UoSAT-5
- Mission type: OSCAR, experimental
- Operator: University of Surrey
- COSPAR ID: 1991-050B
- SATCAT no.: 21575

Spacecraft properties
- Manufacturer: SSTL
- Launch mass: 50 kilograms (110 lb)
- Dimensions: 0.35 x 0.35 x 0.6 m

Start of mission
- Launch date: 17 July 1991, 01:46:31 UTC
- Rocket: Ariane 40
- Launch site: Kourou ELA-2

Orbital parameters
- Reference system: Geocentric
- Regime: Sun-synchronous
- Perigee altitude: 750 km (470 mi)
- Apogee altitude: 760 km (470 mi)
- Inclination: 98.6139 degrees
- Period: 99.9 minutes
- Epoch: 14 November 2020 03:42:14

= UoSAT-5 =

British satellite

UoSAT-5, also known as UoSAT-F, UO-22 and OSCAR 22, is a British satellite in Low Earth Orbit.

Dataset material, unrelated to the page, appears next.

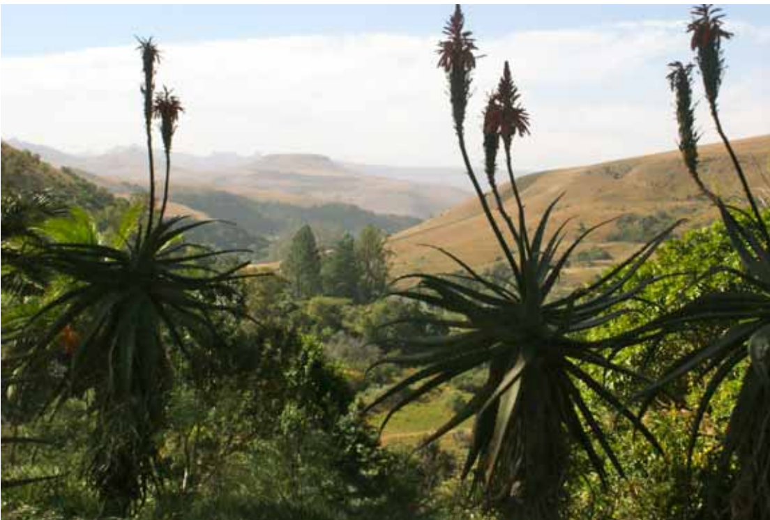
View in the Northern Drakensberg.

What more can I say than is not visible in the photos. We had great company, lots of great food and perfect weather. Just about 3000km there and back - I take my hat off for those traveling all that way in the Healey - well done.

It was built by Surrey Satellite Technology and launched into space in July 1991 from French Guiana.

==Mission==
UoSAT-5 carries equipment that was similar to that on UoSAT-4, a similar satellite that failed in orbit 1 year previously. The satellite tested new technologies, including validating the performance of Gallium arsenide solar arrays.